DATASET Start Marker

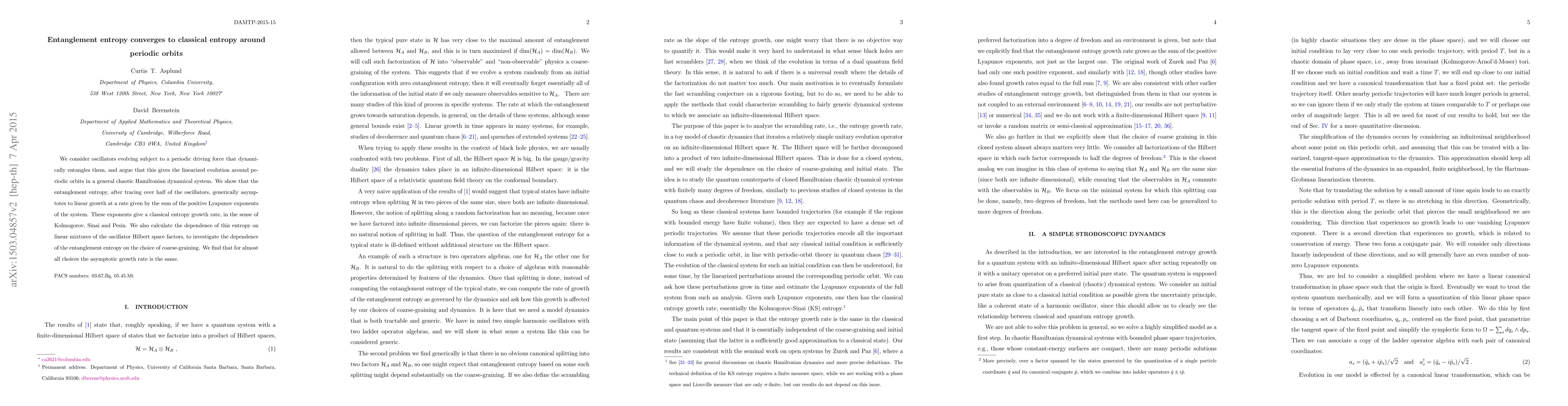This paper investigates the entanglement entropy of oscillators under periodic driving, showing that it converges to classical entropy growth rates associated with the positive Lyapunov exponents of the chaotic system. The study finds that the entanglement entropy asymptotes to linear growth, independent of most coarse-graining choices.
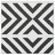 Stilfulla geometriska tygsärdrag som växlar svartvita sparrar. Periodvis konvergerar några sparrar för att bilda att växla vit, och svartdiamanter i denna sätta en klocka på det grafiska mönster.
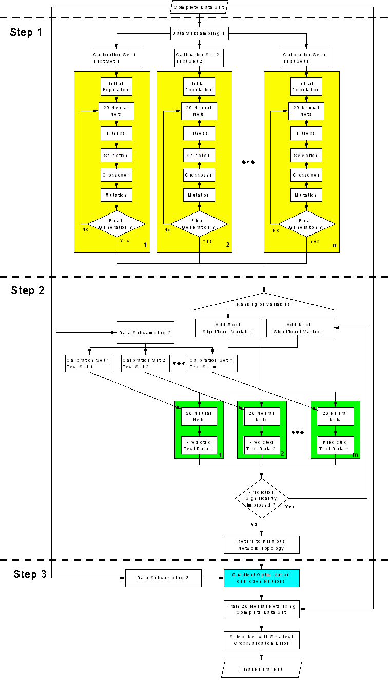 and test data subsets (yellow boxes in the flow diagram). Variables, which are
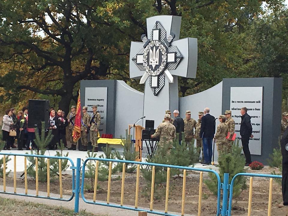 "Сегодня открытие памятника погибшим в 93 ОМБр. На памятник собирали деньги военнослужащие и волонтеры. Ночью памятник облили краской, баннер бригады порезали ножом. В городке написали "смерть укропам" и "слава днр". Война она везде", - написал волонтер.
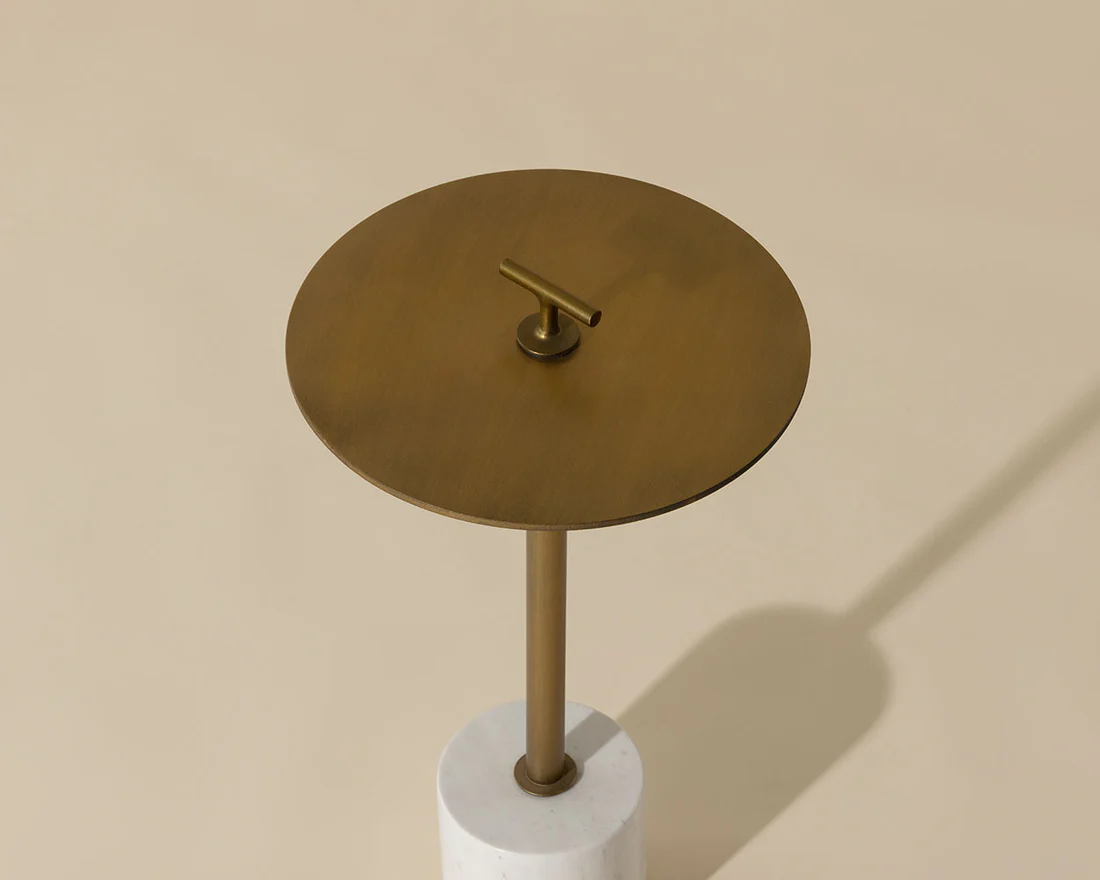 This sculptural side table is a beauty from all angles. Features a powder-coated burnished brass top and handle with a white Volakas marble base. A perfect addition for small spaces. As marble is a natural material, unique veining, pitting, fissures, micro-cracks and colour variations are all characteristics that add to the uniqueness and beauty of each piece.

DATASET End Marker

**PROBLEM TO WORK ON**
Print the data above exactly, from its first line to the line bearing "Stilfulla geometriska tygsärdrag" inclusive, and keep pictures out of the result.

**EXERCISE RESULT**
This paper investigates the entanglement entropy of oscillators under periodic driving, showing that it converges to classical entropy growth rates associated with the positive Lyapunov exponents of the chaotic system. The study finds that the entanglement entropy asymptotes to linear growth, independent of most coarse-graining choices.
 Stilfulla geometriska tygsärdrag som växlar svartvita sparrar. Periodvis konvergerar några sparrar för att bilda att växla vit, och svartdiamanter i denna sätta en klocka på det grafiska mönster.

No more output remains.